Funny to talk about fans, but there are so many cheep units sold most don't realize a cooling fan isn't something to skimp on. They all seem to spin the blades fast but IMO SPAL high output units are fantastic. I also think the size / amp output of the alternator you choose and the relays you use are just as important. IMO again, for cooling fans, electric power-steering pumps you need a quality relay. Not one that cheats / eats amperage your fans require. OK I'll get off the soap-box ....
Agree with all -- except, I'm out of the relay business. I use a PWM controller that only spins the fans fast enough to keep the coolant temp at the set point - variable speed/current. Provides MUCH tighter/smaller operating temp spread, reduces wear/tear on the electrical system as the fans 'ramp' on and off, and is the most efficient in terms of not using any more power than it has to in order to keep the car at temp. I left the relays behind about 15 years ago - never again for big amp loads! BTW, some of the GM ecu's have the ability to control your fan that way...
Agree with all -- except, I'm out of the relay business. I use a PWM controller that only spins the fans fast enough to keep the coolant temp at the set point - variable speed/current. Provides MUCH tighter/smaller operating temp spread, reduces wear/tear on the electrical system as the fans 'ramp' on and off, and is the most efficient in terms of not using any more power than it has to in order to keep the car at temp. I left the relays behind about 15 years ago - never again for big amp loads! BTW, some of the GM ecu's have the ability to control your fan that way...

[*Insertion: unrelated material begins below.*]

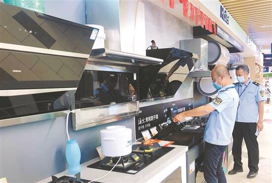 市场监管人员检查在售的燃气具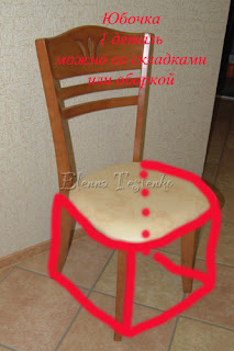 Возмите дешевую ткань для пошива модели. Скроите прямо на стуле 3 детали: СИДУШКА, СПИНКА и ЮБОЧКА (так я их обозвала, за правильность терминов не ручаюсь)

I have seen the trend going that way as you said long ago. I guess I'm a little old school there, maybe its time to look into something like "David Craig" system. I spent 25 years as a tune-up and driveablity tech at GM dealerships and most all cooling fan and fuel pumps are now speed & digitally controlled
Delta Current Control - DCC. Bought one of the first units the principle (Brian Baskin) designed/built back in '02-'03 or so. Still working beautifully. Drives the twin 11" Spals and for a time also a 7" fan on my oil cooler. But the LS3 heats the oil up a bit quicker than the cast iron 5.0L did -- so for this I put the oil cooler fan on a switch. Keeps it between 210F-230F.
Most guys use the P car fans from what I've seen. They do a good job of cooling and are sufficient for the majority of the swaps I've seen. I researched about 20 different LS and even a few Coyote P car swaps prior to starting mine and I only remember the air cooled cars with custom radiators having issues. An engine oil cooler would probably be the best addition instead of changing out the P car fans, IMO. In my Jeep LS swap I run a Griffin radiator with Volvo fan and relay which has been ridiculous for keeping it cool. Even with a less than stellar shroud design it keeps it cool and the GM ECU controls the factory Volvo relay (ground activated). I also run a huge Griffin trans cooler and will be adding an engine oil cooler in the winter which helps keep all the temps down. Even the steering has a giant cooler which helps take heat away from the steering pump. Just my two cents!
Looking forward to more progress as I am a big fan of the Cayman body design.
edit: Are you on the Facebook Porsche Swaps group? They have a K6 computer setup that will run your Porsche ECU and the LS ECU together to make the systems communicate well together. AEM also has a package that replaces the P car ECU and LS ECU with theirs for an easy swap but it's $4500. IIRC, the K6 computer is under $1000.